* GIVEN RECORDS *
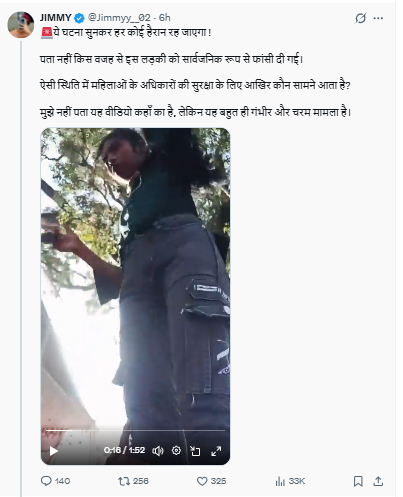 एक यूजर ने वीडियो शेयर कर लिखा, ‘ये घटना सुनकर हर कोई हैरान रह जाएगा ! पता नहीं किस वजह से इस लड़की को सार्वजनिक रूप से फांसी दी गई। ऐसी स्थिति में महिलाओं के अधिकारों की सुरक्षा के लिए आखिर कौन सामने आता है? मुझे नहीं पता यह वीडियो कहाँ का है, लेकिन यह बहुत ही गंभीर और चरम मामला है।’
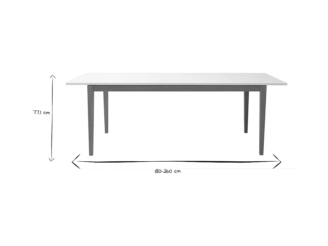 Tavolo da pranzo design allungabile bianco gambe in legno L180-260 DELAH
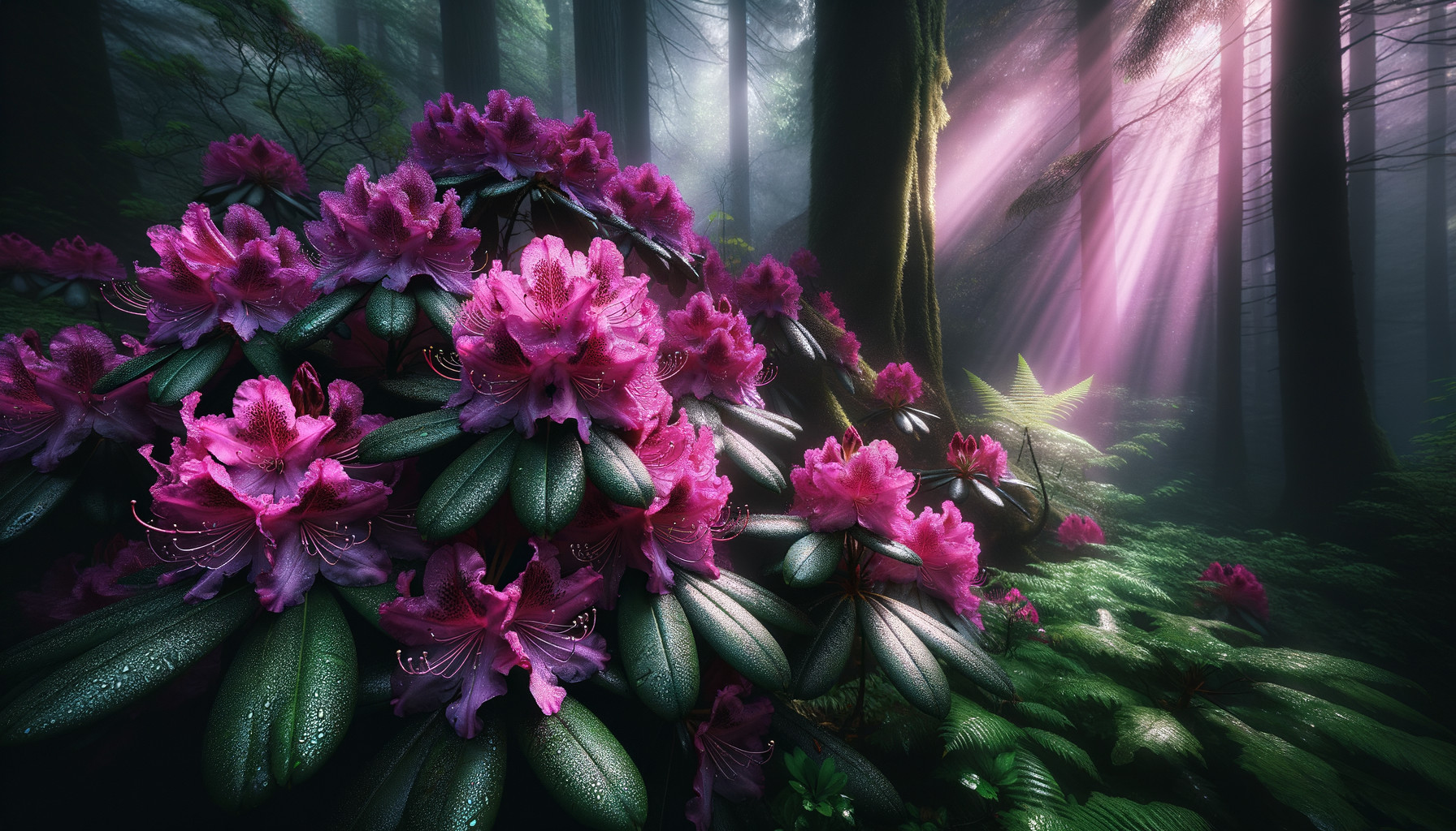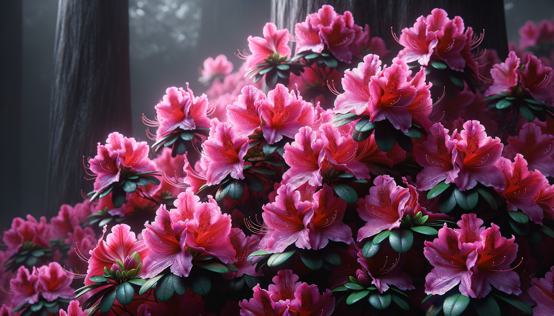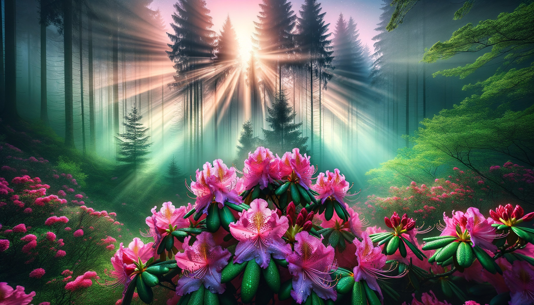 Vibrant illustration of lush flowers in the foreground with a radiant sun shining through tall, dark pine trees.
---
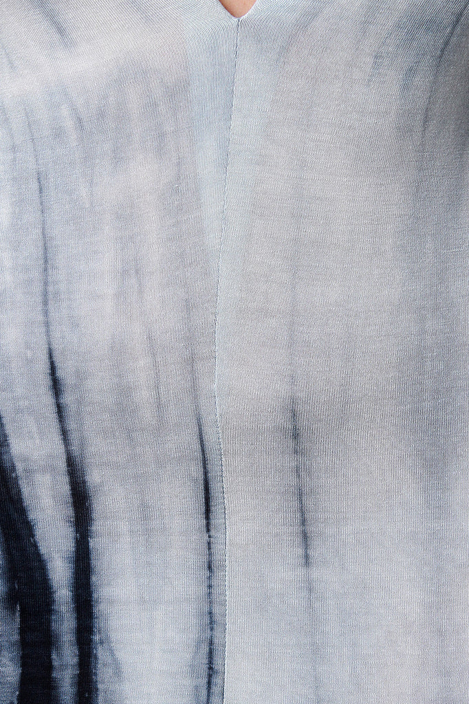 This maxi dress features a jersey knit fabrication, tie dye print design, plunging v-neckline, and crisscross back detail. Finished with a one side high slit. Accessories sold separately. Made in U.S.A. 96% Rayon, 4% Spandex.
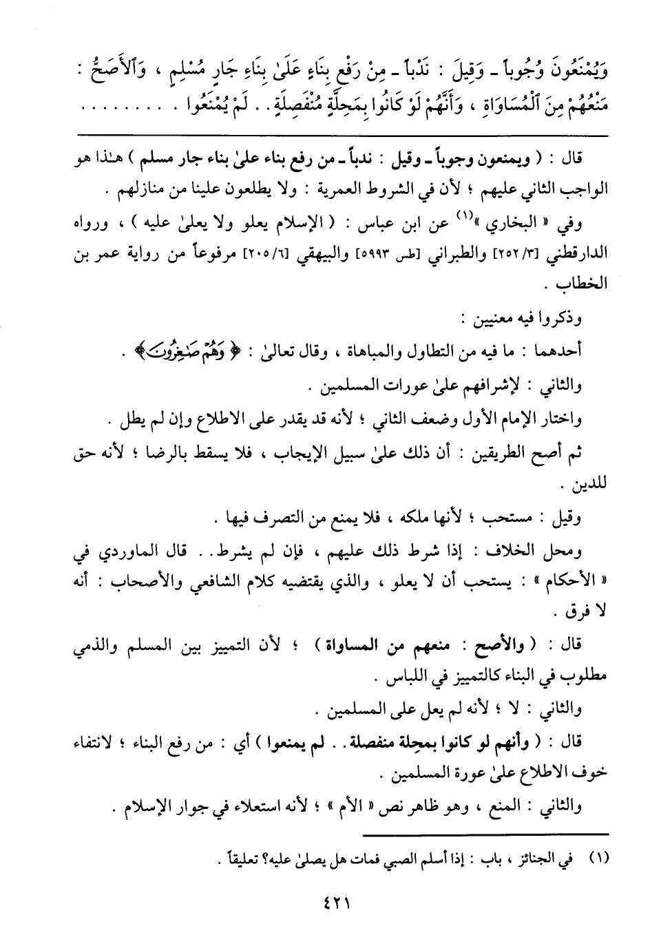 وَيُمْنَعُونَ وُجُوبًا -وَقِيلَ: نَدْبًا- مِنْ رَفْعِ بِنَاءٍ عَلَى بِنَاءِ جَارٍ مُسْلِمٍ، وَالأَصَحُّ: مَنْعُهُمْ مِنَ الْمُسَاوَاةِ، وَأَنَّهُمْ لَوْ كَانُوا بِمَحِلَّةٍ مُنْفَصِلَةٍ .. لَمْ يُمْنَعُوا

* TASK BRIEF *
No picture is to be printed. Output exactly the lines above from the line containing "एक यूजर ने वीडियो" through the line containing "Vibrant illustration of".

* ANSWER SECTION *
 एक यूजर ने वीडियो शेयर कर लिखा, ‘ये घटना सुनकर हर कोई हैरान रह जाएगा ! पता नहीं किस वजह से इस लड़की को सार्वजनिक रूप से फांसी दी गई। ऐसी स्थिति में महिलाओं के अधिकारों की सुरक्षा के लिए आखिर कौन सामने आता है? मुझे नहीं पता यह वीडियो कहाँ का है, लेकिन यह बहुत ही गंभीर और चरम मामला है।’
 Tavolo da pranzo design allungabile bianco gambe in legno L180-260 DELAH
 Vibrant illustration of lush flowers in the foreground with a radiant sun shining through tall, dark pine trees.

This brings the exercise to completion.